Il soupira ; je me demandais si lui aussi voyait des gens défiler sur les vitres.

— Oubliez pas qu'on va le retrouver, votre gamin. Pas demain. Probablement pas dans la semaine. Mais on va le retrouver ; parce que j'aime pas foutre des dossiers dans la pile "classés sans suite".


J'avais osé supposer que Nick était un robot sans sentiments. J'avais été pénible, médisante, perdue, et j'avais considéré Valentine comme l'Institut considérait ses synthétiques. J'avais profité de son aide, j'avais profité du fait qu'il n'ait que peu d'estime pour sa propre vie pour protéger la mienne au passage. Je n'avais rien fait en retour, rien.

Et malgré tout ça, malgré le fait que je passais mon temps à regarder les plafonds, à pleurer, à me plaindre et à perdre espoir, Nick n'avait jamais cessé de m'aider. Nick était toujours là.

— Je suis désolée, Nick.

Il était bien trop facile de simplement s'excuser vaguement. Je suis désolée, ça pouvait dire un millier de choses différentes, désolée d'être triste, désolée d'être fragile comme le verre, désolée de n'être au courant de rien, désolée de vous avoir fait payer dix capsules pour une chambre dans un hôtel pourri.

— Je suis désastreuse. Je ne comprends vraiment pas pourquoi vous m'aidez.

— Je croyais qu'on avait déjà discuté de ça. Je vous l'accorde, vous êtes presque désastreuse avec un flingue...

— Ce n'est pas ça que je voulais dire. Je vous ai traité comme de la merde. En sortant de Fort Hagen, je me suis même dit que vous n'étiez pas capable de ressentir quoi que ce soit. Parce que vous êtes un synthétique. Aujourd'hui, je m'en fichais des risques de vous foutre Kellogg dans la tête, alors que Dieu sait que ça aurait pu mal tourner. Et vous, vous...

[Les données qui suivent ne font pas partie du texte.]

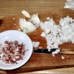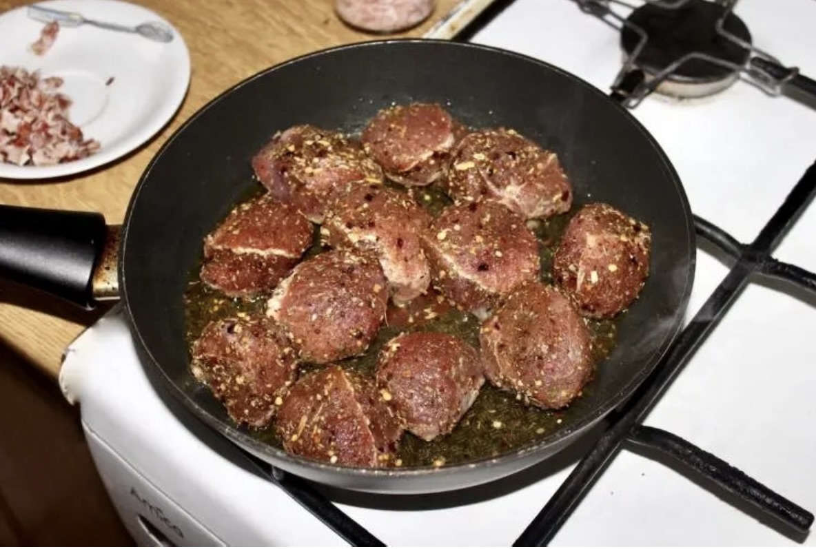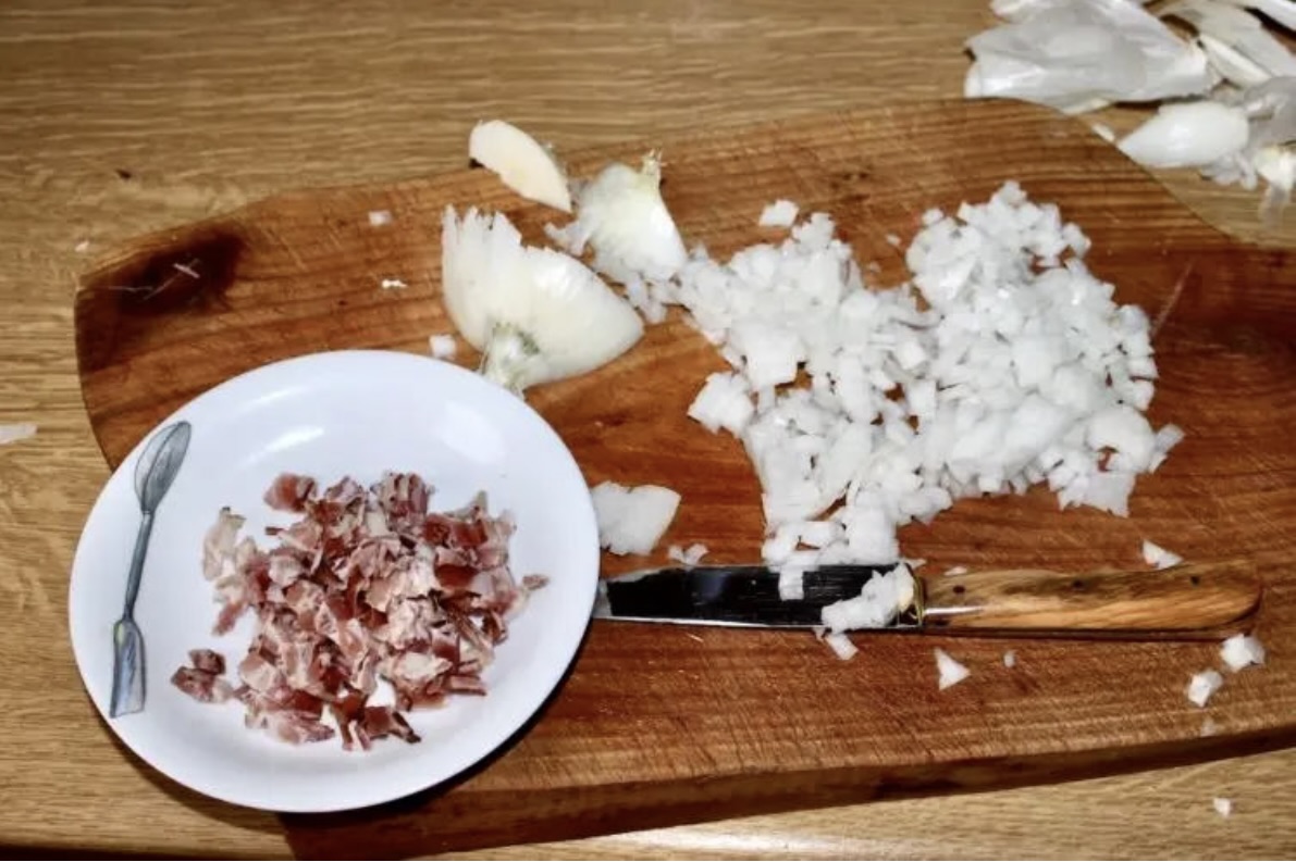 Boczek i cebula: Na patelni po mięsie podsmaż pokrojoną w kostkę pancettę (lub boczek) oraz posiekaną cebulę. Gdy się zrumienią, dodaj je do garnka z mięsem. Całość duś przez około 30 minut.

Vous m'aidez. Vous me considérez comme une amie. Vous faites des choses que je ne mérite pas.

Je ne pus terminer ma phrase.

Nick resta silencieux quelques instants et la peur qu'il s'en aille me traversa l'esprit.

— Vous ne me connaissiez pas. Vous ne pouviez pas savoir, hein ? Dans un sens, c'est nouveau pour vous, ça aussi... Les synthétiques, je veux dire. J'ai l'habitude que les gens me considèrent comme une machine. C'est à moi de leur prouver le contraire.

— Mais ça ne vous met pas en colère, parfois ?

— Non. Ça n'avance pas à grand-chose, d'être en colère. En faisant ce qui est juste, on récolte ce qui est juste.


Certaines amitiés mettent des années à naître. C'était sûrement le propre de l'avant-guerre ; il est difficile de prendre le temps pour d'autres que soi. Il y a tellement de choses à faire, tellement de jours à voir. Il y a le travail, il y a la famille, il y a la fatigue de la routine, il y a l'envie de se réfugier sous la couette avec un bon livre. On prend des nouvelles, quand on y pense ; certains amis restent, d'autres s'effacent, ils perdent toutes leurs couleurs avec le temps.

Certaines amitiés mettent des années à naître ; d'autres prennent forme en quelques minutes dans une chambre d'hôtel miteuse.

C'était peut-être le propre de la guerre : il n'y a plus rien à faire d'autre que de se faire des amis.